**TASK STATEMENT:**
Copy out the lines beginning with the one that contains "Изображение детально передает" and ending with the last line below, exactly as they stand. Pictures are not copied.

Extracted data entries
[Start of section]

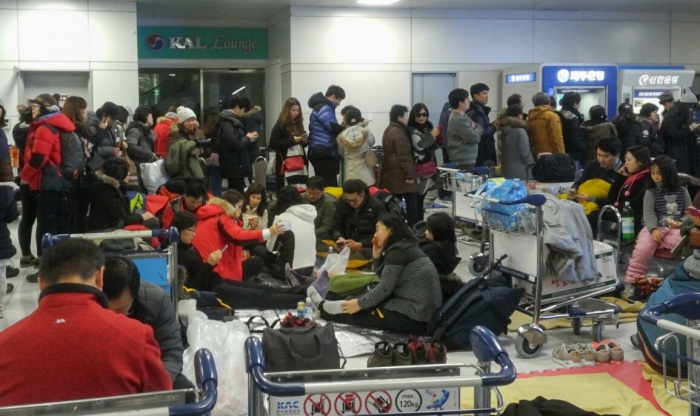 (서울=포커스뉴스) 32년 만에 폭설로 제주국제공항이 폐쇄된지 3일째 되는 25일 오후 제주국제공항 대합실에 모인 관광객들이 항공권을 발권하기 위해 줄을 서 있다.
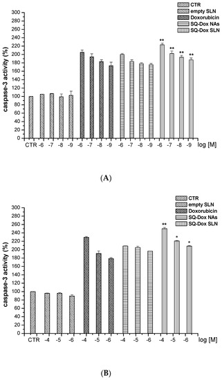 SQ-Dox and loaded SLNs significantly increased caspase-3 activity in the A2780 res cell line, compared to Dox-treated cells, at all the concentrations tested. However, the loaded SLN formulation exerted a higher efficacy, at a concentration of 10−5 M, than that exerted on SQ-Dox-treated cells at the same concentration (Panel B). Treatment with empty SLNs displayed the same effects as those observed in untreated cells.
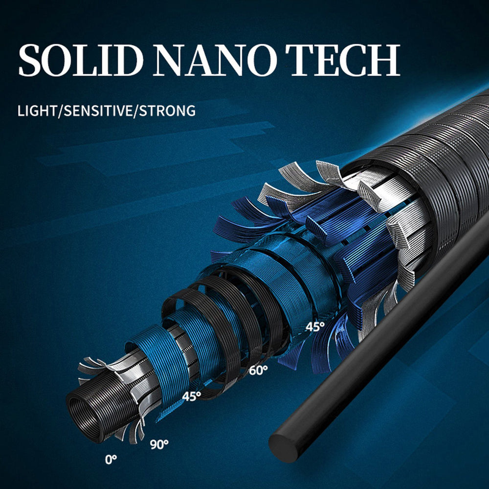 Most of solid rod is made of nano & high-ton toray carbon fiber, so usually solid rod is more lighter than hollow rod.You never feel tired when you play for a long time.
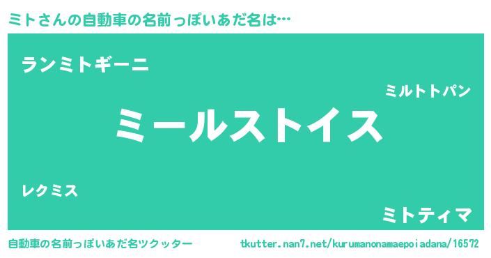 | 女子向けラノベタイトル風あだ名 | 『ミトの玉の輿計画!』 |
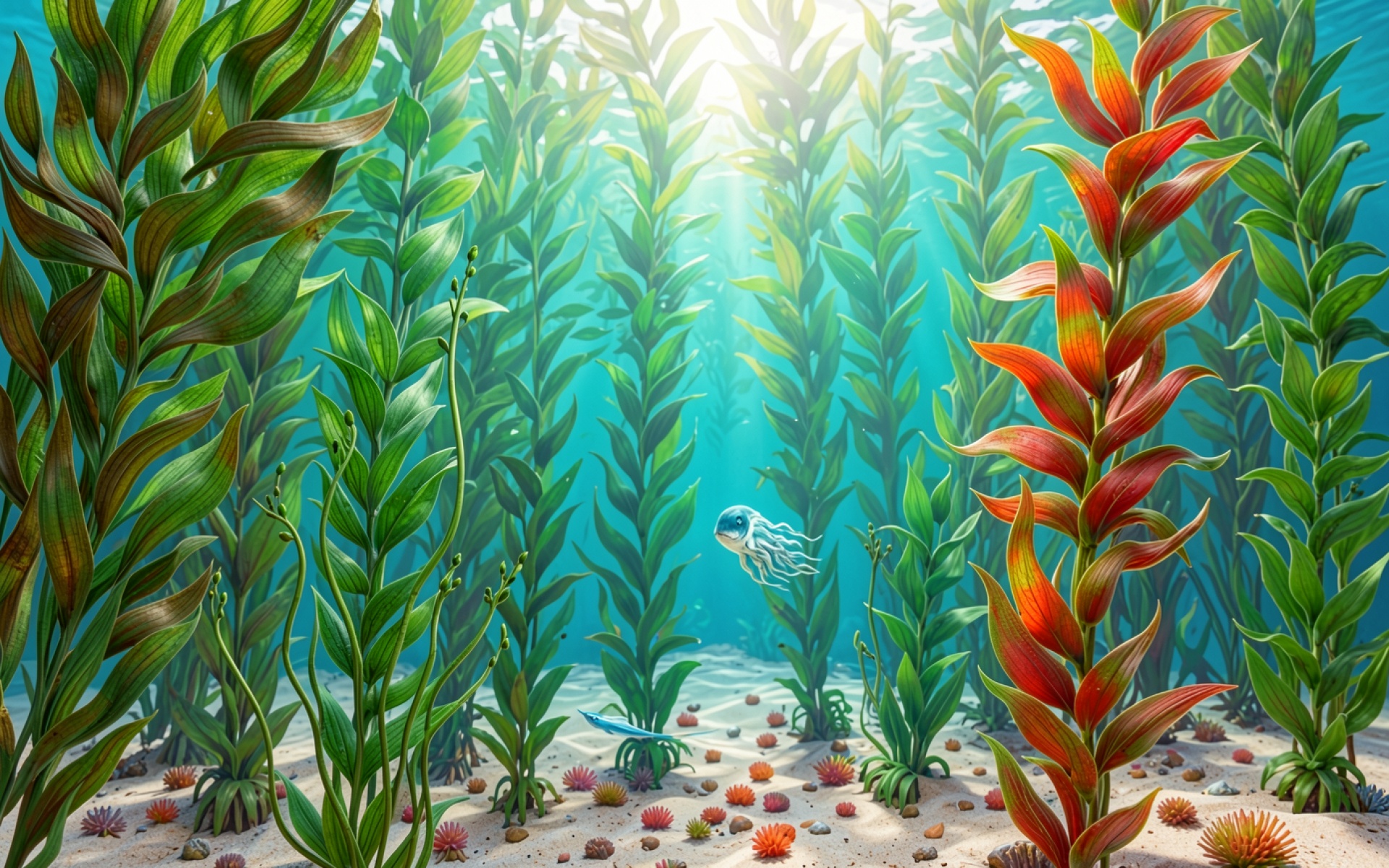 Изображение детально передает текстуру морских растений и прозрачность купола медузы. Освещение имитирует прохождение солнечных лучей сквозь толщу воды, создавая мягкие градиенты синего и зеленого цветов. Контрастные красные оттенки водорослей на переднем плане подчеркнуты глубокими тенями, что придает сцене объем. На сайте доступен удобный предпросмотр перед скачиванием для оценки качества отображения на экране.
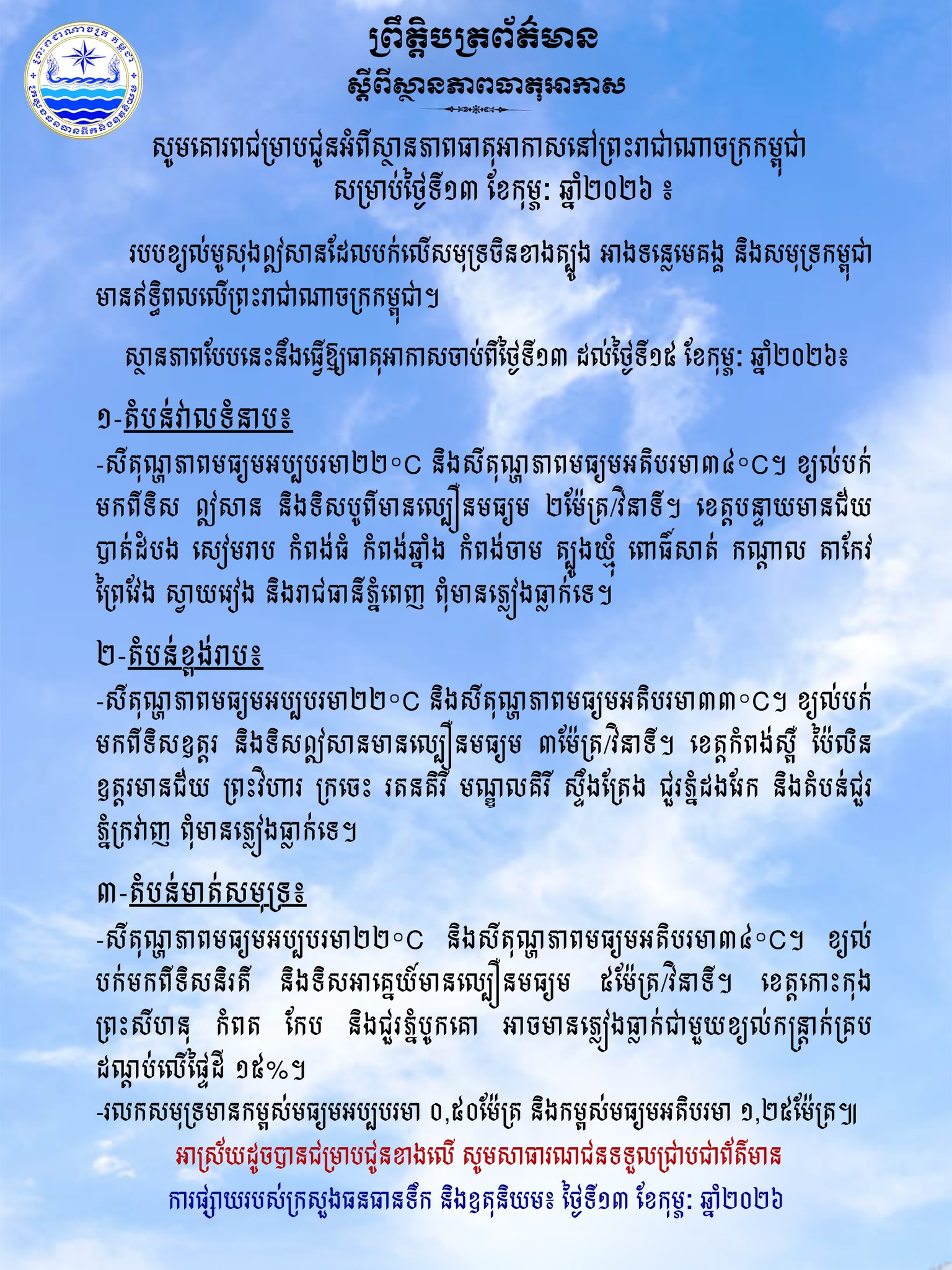 ក្រសួងធនធានទឹក ជូនដំណឹងអំពីស្ថានភាពធាតុអាកាសនៅកម្ពុជា សម្រាប់ថ្ងៃទី១៣ ខែកុម្ភៈ ឆ្នាំ២០២៦
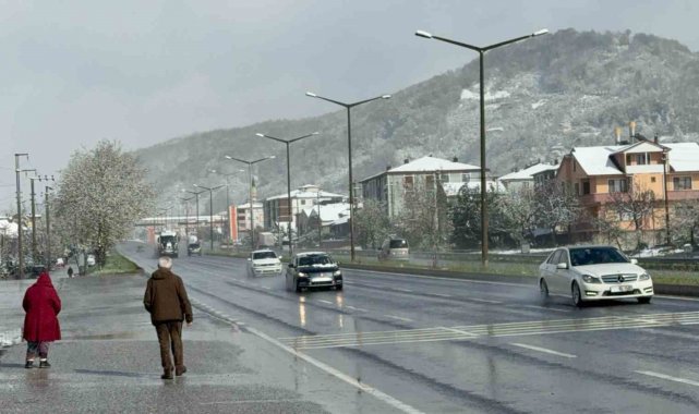 Düzce'de bazı bölgelerde hem güneş hem kar yağışı etkili oluyor. Aralarında sadece 4 kilometre olan iki bölgenin birinde yoğun kar yağışı diğer bölgede ise güneş bölgeyi etkiliyor.
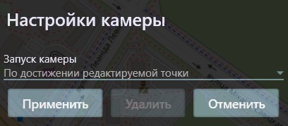 После добавления каждой путевой точки, начиная с точки взлета, в режиме редактирования активируется кнопка привязки настроек камеры.
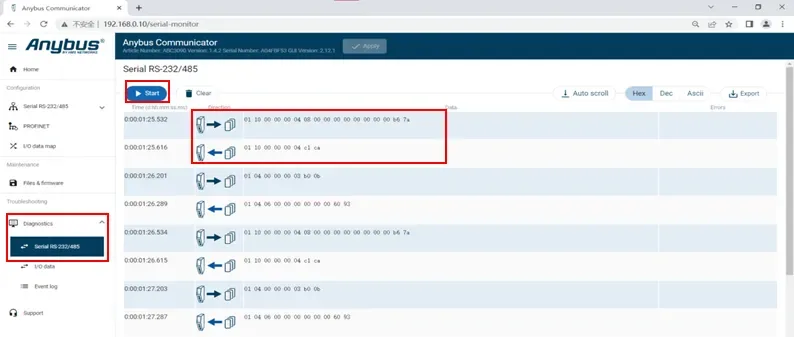 透過通訊閘道的設定介面,工程師可直接在線上即時觀察PLC與串口設備之間實際傳送的資料內容,快速確認通訊流程是否正常。

[End of section]

**ANSWER:**
 Изображение детально передает текстуру морских растений и прозрачность купола медузы. Освещение имитирует прохождение солнечных лучей сквозь толщу воды, создавая мягкие градиенты синего и зеленого цветов. Контрастные красные оттенки водорослей на переднем плане подчеркнуты глубокими тенями, что придает сцене объем. На сайте доступен удобный предпросмотр перед скачиванием для оценки качества отображения на экране.
 ក្រសួងធនធានទឹក ជូនដំណឹងអំពីស្ថានភាពធាតុអាកាសនៅកម្ពុជា សម្រាប់ថ្ងៃទី១៣ ខែកុម្ភៈ ឆ្នាំ២០២៦
 Düzce'de bazı bölgelerde hem güneş hem kar yağışı etkili oluyor. Aralarında sadece 4 kilometre olan iki bölgenin birinde yoğun kar yağışı diğer bölgede ise güneş bölgeyi etkiliyor.
 После добавления каждой путевой точки, начиная с точки взлета, в режиме редактирования активируется кнопка привязки настроек камеры.
 透過通訊閘道的設定介面,工程師可直接在線上即時觀察PLC與串口設備之間實際傳送的資料內容,快速確認通訊流程是否正常。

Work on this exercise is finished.